Identification of common patterns of cancer metabolic reprogramming could assist the development of new therapeutic strategies. Recent attention in this field has focused on identifying and targeting signal transduction pathways that interface directly with major metabolic control processes. In the current study we demonstrate the importance of signaling by the diphosphoinositol pentakisphosphate kinases (PPIP5Ks) to the metabolism and proliferation of the HCT116 colonic tumor cell line. We observed reciprocal cross talk between PPIP5K catalytic activity and glucose metabolism, and we show that CRISPR-mediated PPIP5K deletion suppresses HCT116 cell proliferation in glucose-limited culture conditions that mimic the tumor cell microenvironment. We conducted detailed, global metabolomic analyses of wild-type and PPIP5K knockout (KO) cells by measuring both steady-state metabolite levels and by performing isotope tracing experiments. We attribute the growth-impaired phenotype to a specific reduction in the supply of precursor material for de novo nucleotide biosynthesis from the one carbon serine/glycine pathway and the pentose phosphate pathway. We identify two enzymatic control points that are inhibited in the PPIP5K KO cells: serine hydroxymethyltransferase and phosphoribosyl pyrophosphate synthetase, a known downstream target of AMP-regulated protein kinase, which we show is noncanonically activated independently of adenine nucleotide status. Finally, we show the proliferative defect in PPIP5K KO cells can be significantly rescued either by addition of inosine monophosphate or a nucleoside mixture or by stable expression of PPIP5K activity.

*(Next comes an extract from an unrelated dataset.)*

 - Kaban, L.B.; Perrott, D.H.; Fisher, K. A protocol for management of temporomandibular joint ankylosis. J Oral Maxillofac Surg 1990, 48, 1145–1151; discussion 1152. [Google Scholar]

Overall, our data describe multiple, far-reaching metabolic consequences for metabolic supervision by PPIP5Ks in a tumor cell line.

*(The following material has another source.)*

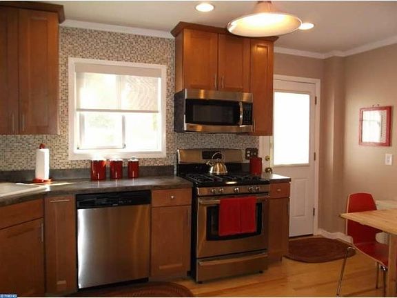 This tastefully updated end unit row is located in one of the boroughs most desirable locations. Plenty of updates have been completed during ownership, including a New Roof in 2016, New Kitchen and Floors, Remodeled Full Bathroom, Vinyl Replacement Windows, Solid Two Panel Wood Doors with gorgeous Glass Knobs, Gutters and Downspouts, Electrical Outlets and Switches, Chimney, Paved 2 Car Parking, Fresh Paint, and the list goes on. Enter from a covered front porch to a tiled entry that opens to a bright and cheery main level. You will be greeted by the high ceilings, fresh neutral paint and the many new windows that brighten and warm the home from the suns natural light. The front living room is complete with a deep coat closet and custom built-in shelf. The formal dining room offers views to the living room and is finished with a beautiful center light fixture and space for the large table and hutch. Through the dining room and into the kitchen is where you will find a completely remodeled eat-in kitchen with Solid Hickory wood floors, 42' Honey Maple cabinets, decorative glass tiled back splash over a beveled edge counter top, Stainless Appliances, gas cooking with built-in microwave, recessed lights, hanging light fixture and food pantry. An access door from the kitchen leads to the recently stained rear deck that overlooks a fenced in back yard with manicured landscape plus a walkway with gate entry to a recently paved two car driveway. Completing the main level is a convenient custom laundry space. Up the staircase to the landing is where you will find a remodeled Main Bathroom with stylish vanity, tastefully tiled floors, soaking tub/shower, extra cabinet space and a deep linen closet. Two spacious second floor bedrooms, both offering deep closet space, allow for your choice of main bedroom locations. The third floor bedroom features many windows, bump outs and closet space. Additional storage and utilities are located in the basement that has, separate rooms for storage, utility room with a 2016 serviced heating unit and hot water heater and two sump pumps. Access parking from a shared lane in back. Conveniently located within walking distance to the Train Station, Public Library, Shopping, Dining and closing to major access roads. All of this and a 1 year home warranty for peace of mind.

识别癌症代谢重编程的常见模式可以帮助开发新的治疗策略。该领域最近的注意力集中在识别和靶向直接与主要代谢控制过程相互作用的信号转导通路上。在当前的研究中，我们证明了二磷酸肌醇五磷酸激酶 (PPIP5Ks) 信号转导对 HCT116 结肠肿瘤细胞系的代谢和增殖的重要性。我们观察到 PPIP5K 催化活性和葡萄糖代谢之间的相互串扰，并且我们表明 CRISPR 介导的 PPIP5K 缺失在模拟肿瘤细胞微环境的葡萄糖限制培养条件下抑制 HCT116 细胞增殖。我们进行了详细的，通过测量稳态代谢物水平和进行同位素示踪实验，对野生型和 PPIP5K 敲除 (KO) 细胞进行全局代谢组学分析。我们将生长受损的表型归因于单碳丝氨酸/甘氨酸途径和磷酸戊糖途径的从头核苷酸生物合成的前体材料供应的特定减少。我们确定了在 PPIP5K KO 细胞中被抑制的两个酶促控制点：丝氨酸羟甲基转移酶和焦磷酸磷酸核糖合成酶，这是 AMP 调节蛋白激酶的已知下游靶标，我们显示其非经典激活，与腺嘌呤核苷酸状态无关。最后，我们显示 PPIP5K KO 细胞的增殖缺陷可以通过添加肌苷一磷酸或核苷混合物或通过稳定表达 PPIP5K 活性来显着挽救。总的来说，我们的数据描述了肿瘤细胞系中 PPIP5K 代谢监督的多重、深远的代谢后果。